§ Work required:
This task calls for the lines below starting at the one containing "Secondo tipo o" and ending at the one containing "If you're a", repeated exactly with both ends kept and pictures left out.

§ Input records:
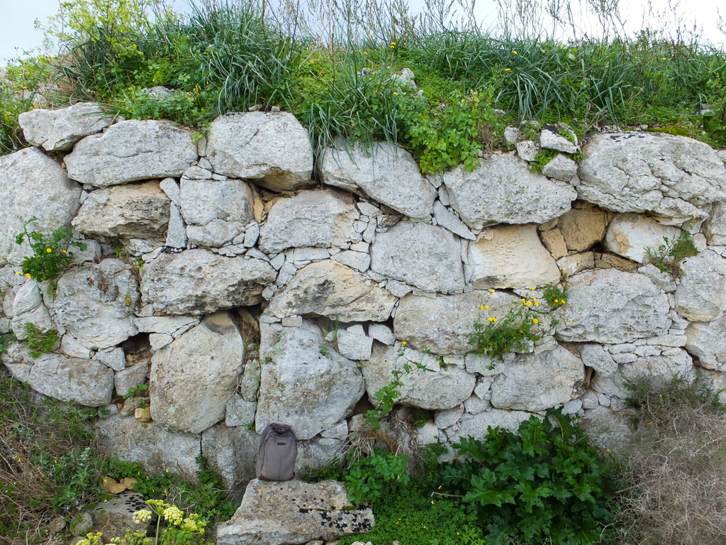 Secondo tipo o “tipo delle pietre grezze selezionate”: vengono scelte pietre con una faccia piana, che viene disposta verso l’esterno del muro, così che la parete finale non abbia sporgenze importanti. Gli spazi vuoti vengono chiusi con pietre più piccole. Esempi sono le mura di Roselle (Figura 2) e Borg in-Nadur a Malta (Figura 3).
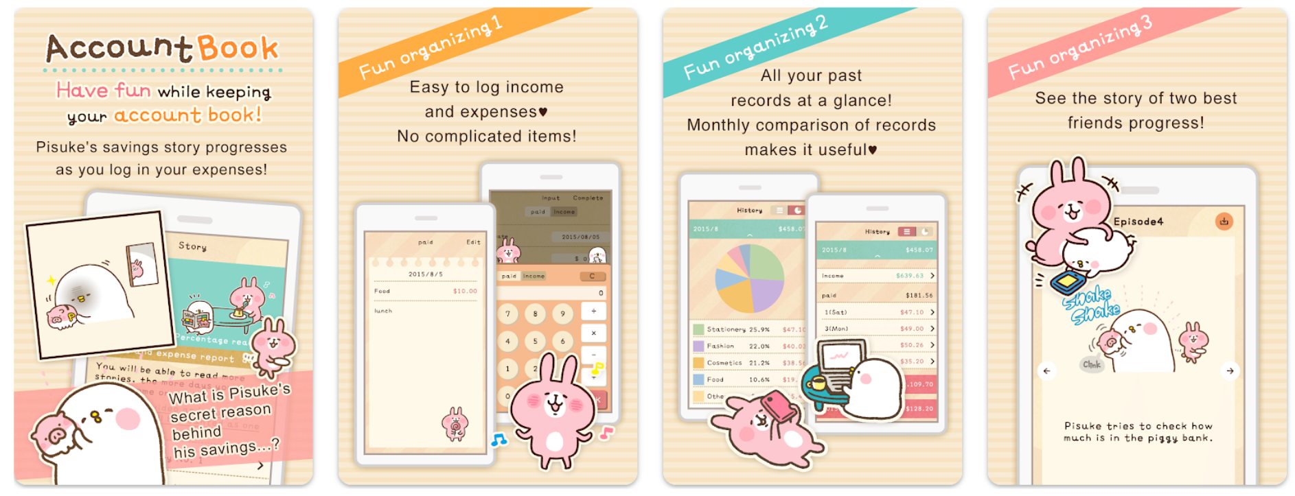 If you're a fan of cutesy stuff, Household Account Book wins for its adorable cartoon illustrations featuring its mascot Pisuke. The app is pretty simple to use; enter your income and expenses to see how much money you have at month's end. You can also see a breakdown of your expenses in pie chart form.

* * *

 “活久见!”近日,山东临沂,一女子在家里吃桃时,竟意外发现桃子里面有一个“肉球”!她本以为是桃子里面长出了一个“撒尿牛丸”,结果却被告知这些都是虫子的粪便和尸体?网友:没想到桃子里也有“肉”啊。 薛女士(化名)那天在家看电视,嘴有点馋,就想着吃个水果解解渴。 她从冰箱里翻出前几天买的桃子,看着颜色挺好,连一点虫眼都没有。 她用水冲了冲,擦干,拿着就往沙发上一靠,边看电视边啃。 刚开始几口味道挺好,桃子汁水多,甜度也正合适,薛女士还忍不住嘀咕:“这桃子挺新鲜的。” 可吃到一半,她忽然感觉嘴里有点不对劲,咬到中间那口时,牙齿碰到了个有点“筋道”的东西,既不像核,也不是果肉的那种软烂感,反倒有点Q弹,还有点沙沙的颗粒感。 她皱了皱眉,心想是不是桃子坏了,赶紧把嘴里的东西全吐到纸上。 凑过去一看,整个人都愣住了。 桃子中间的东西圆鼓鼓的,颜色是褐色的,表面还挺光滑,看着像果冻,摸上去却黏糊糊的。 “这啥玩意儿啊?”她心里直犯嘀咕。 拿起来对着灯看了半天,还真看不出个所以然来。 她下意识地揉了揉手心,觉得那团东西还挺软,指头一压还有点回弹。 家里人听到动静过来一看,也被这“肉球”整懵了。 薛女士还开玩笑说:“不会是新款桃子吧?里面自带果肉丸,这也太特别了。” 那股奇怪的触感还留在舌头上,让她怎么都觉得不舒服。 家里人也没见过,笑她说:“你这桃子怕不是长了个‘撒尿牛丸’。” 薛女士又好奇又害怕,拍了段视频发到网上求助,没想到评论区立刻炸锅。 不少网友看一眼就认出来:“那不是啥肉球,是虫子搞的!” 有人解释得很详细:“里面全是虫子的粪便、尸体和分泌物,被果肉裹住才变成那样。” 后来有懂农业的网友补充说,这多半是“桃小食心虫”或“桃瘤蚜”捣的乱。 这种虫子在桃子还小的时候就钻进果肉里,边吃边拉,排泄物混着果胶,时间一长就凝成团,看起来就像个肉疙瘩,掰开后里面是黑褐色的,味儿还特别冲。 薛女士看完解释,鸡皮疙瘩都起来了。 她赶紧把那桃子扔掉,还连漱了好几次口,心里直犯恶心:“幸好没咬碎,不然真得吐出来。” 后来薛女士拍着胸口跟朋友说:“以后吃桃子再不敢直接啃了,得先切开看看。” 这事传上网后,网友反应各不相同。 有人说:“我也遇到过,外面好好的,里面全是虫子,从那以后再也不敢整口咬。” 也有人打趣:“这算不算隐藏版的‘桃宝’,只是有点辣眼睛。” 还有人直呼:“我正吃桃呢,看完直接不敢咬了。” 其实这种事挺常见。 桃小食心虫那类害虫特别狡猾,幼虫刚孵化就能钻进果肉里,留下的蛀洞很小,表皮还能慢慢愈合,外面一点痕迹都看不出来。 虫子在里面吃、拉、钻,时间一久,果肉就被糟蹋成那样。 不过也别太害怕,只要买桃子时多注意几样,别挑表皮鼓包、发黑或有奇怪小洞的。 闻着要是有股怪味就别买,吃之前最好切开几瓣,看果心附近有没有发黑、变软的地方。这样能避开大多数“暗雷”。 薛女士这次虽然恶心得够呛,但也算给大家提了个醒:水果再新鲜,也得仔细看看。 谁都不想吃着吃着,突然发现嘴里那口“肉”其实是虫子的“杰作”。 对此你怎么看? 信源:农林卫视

--

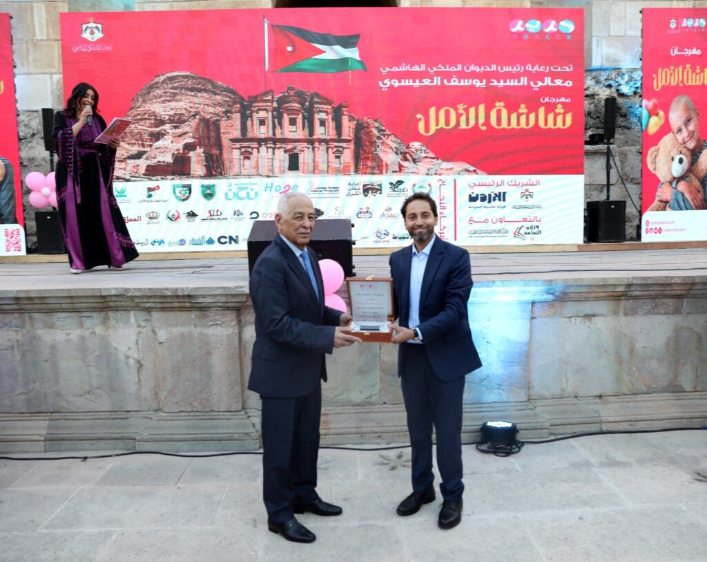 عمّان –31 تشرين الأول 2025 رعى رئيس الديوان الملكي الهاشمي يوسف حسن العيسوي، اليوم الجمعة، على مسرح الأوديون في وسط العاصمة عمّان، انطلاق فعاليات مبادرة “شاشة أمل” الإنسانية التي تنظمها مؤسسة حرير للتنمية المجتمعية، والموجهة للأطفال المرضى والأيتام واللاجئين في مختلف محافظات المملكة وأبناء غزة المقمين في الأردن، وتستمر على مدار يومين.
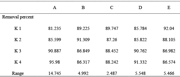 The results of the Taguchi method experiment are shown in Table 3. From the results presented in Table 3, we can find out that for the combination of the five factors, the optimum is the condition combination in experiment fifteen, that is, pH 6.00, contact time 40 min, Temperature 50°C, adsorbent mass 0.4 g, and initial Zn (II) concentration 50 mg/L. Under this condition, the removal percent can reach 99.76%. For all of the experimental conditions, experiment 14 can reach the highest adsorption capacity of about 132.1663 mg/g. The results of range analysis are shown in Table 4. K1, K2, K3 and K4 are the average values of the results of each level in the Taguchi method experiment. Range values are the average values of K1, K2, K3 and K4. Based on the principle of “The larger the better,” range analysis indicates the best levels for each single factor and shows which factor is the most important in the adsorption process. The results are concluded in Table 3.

§ Answer space:
 Secondo tipo o “tipo delle pietre grezze selezionate”: vengono scelte pietre con una faccia piana, che viene disposta verso l’esterno del muro, così che la parete finale non abbia sporgenze importanti. Gli spazi vuoti vengono chiusi con pietre più piccole. Esempi sono le mura di Roselle (Figura 2) e Borg in-Nadur a Malta (Figura 3).
 If you're a fan of cutesy stuff, Household Account Book wins for its adorable cartoon illustrations featuring its mascot Pisuke. The app is pretty simple to use; enter your income and expenses to see how much money you have at month's end. You can also see a breakdown of your expenses in pie chart form.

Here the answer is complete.